### Work to be completed
Every line from the one with "中海信息产业精选混合由中海安" up to and including the one with "- 제목: 케이팝 데몬 헌터스 (K-Pop: Demon Hunters)" is to be output exactly as it appears below; pictures are not.
*** Opening Records to use ***
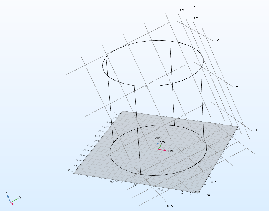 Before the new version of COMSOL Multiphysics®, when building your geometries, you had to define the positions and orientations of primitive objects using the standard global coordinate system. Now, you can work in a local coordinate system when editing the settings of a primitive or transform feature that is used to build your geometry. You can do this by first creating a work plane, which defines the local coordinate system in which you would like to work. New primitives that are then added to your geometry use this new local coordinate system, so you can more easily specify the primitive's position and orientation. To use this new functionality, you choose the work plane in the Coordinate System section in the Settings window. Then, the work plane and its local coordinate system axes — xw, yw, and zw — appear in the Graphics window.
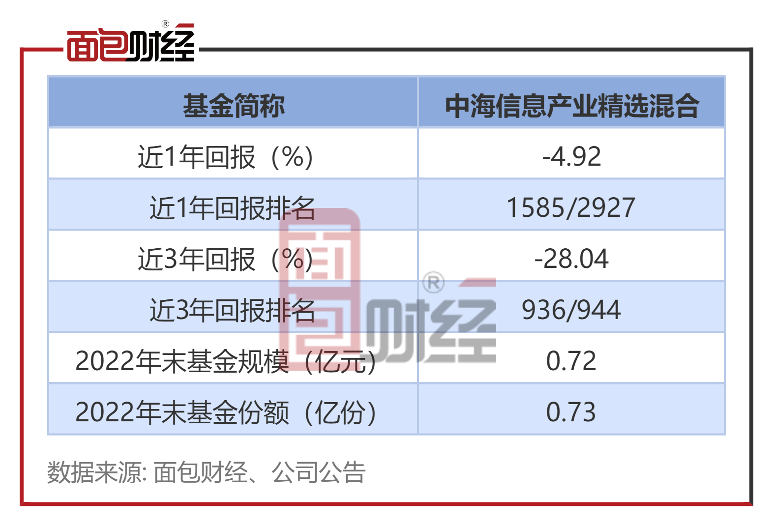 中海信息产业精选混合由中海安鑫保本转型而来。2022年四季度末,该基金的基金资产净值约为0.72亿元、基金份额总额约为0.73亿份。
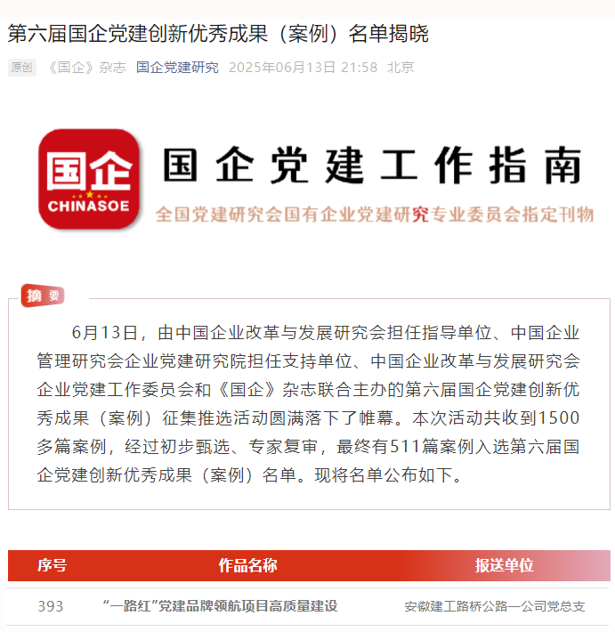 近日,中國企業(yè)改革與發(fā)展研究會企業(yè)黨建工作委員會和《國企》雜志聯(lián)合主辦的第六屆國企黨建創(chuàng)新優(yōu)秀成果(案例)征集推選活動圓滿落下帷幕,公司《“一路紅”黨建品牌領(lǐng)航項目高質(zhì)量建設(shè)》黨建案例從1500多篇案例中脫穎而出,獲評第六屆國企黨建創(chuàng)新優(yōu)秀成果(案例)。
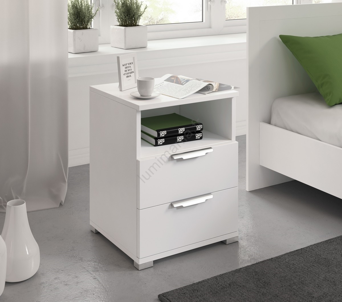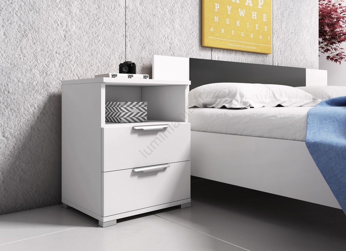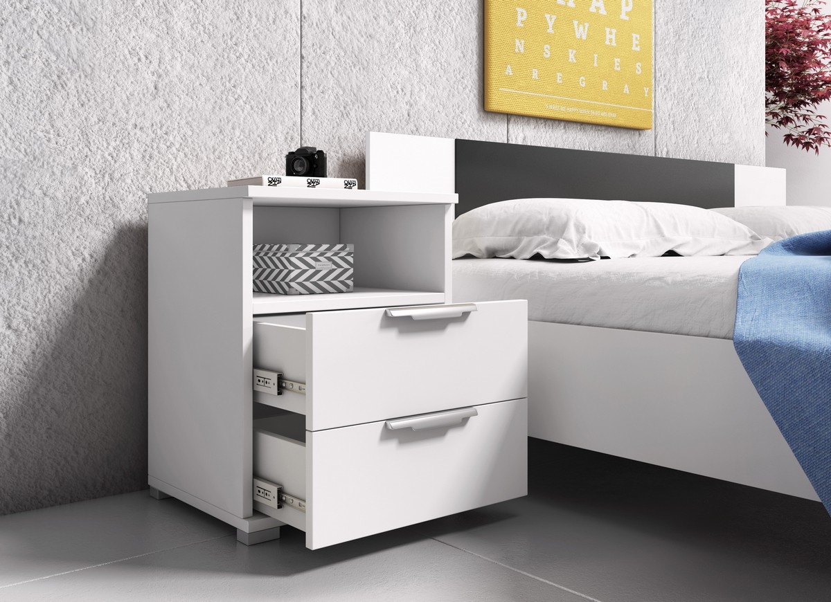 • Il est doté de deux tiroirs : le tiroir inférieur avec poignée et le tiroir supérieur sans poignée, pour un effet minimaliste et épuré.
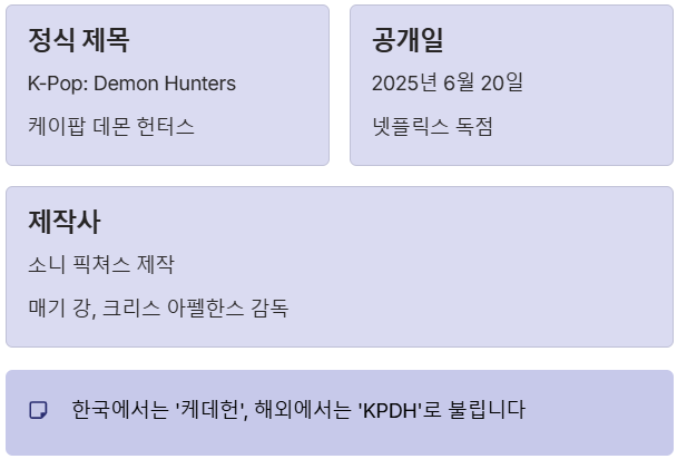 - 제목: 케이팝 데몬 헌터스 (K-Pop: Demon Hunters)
*** Closing Records to use ***
*** Opening Records to use ***
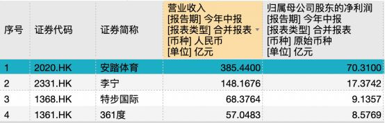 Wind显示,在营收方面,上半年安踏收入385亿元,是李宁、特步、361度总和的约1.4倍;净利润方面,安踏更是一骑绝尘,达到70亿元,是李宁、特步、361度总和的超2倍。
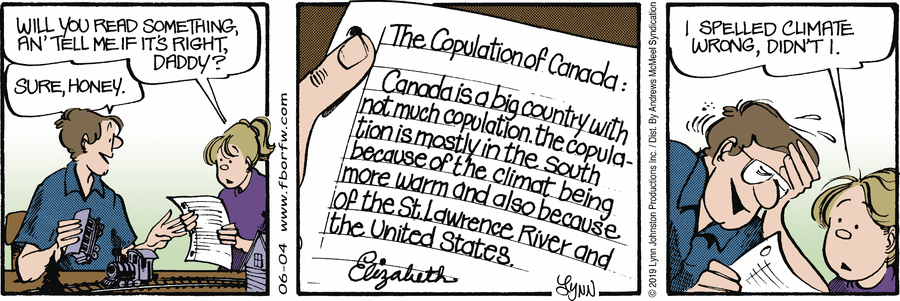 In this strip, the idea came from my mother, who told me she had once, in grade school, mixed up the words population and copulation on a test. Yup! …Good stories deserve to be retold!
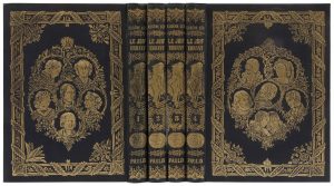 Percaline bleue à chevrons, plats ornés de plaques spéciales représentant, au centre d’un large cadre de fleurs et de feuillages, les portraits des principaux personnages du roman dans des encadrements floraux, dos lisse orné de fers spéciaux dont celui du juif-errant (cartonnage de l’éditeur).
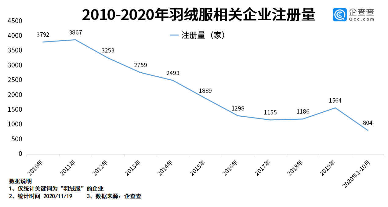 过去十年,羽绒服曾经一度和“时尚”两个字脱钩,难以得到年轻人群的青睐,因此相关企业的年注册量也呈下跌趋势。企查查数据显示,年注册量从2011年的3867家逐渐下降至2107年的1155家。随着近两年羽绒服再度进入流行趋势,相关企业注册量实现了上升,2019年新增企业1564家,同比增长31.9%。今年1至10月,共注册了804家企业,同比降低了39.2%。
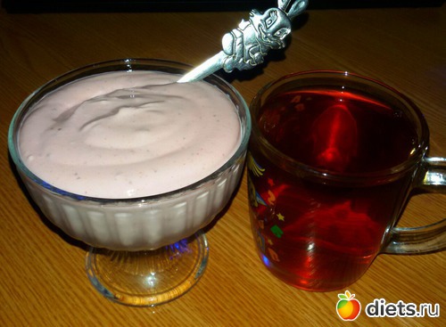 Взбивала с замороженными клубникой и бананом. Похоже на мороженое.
*** Closing Records to use ***
### Response for this exercise
 中海信息产业精选混合由中海安鑫保本转型而来。2022年四季度末,该基金的基金资产净值约为0.72亿元、基金份额总额约为0.73亿份。
 近日,中國企業(yè)改革與發(fā)展研究會企業(yè)黨建工作委員會和《國企》雜志聯(lián)合主辦的第六屆國企黨建創(chuàng)新優(yōu)秀成果(案例)征集推選活動圓滿落下帷幕,公司《“一路紅”黨建品牌領(lǐng)航項目高質(zhì)量建設(shè)》黨建案例從1500多篇案例中脫穎而出,獲評第六屆國企黨建創(chuàng)新優(yōu)秀成果(案例)。
 • Il est doté de deux tiroirs : le tiroir inférieur avec poignée et le tiroir supérieur sans poignée, pour un effet minimaliste et épuré.
 - 제목: 케이팝 데몬 헌터스 (K-Pop: Demon Hunters)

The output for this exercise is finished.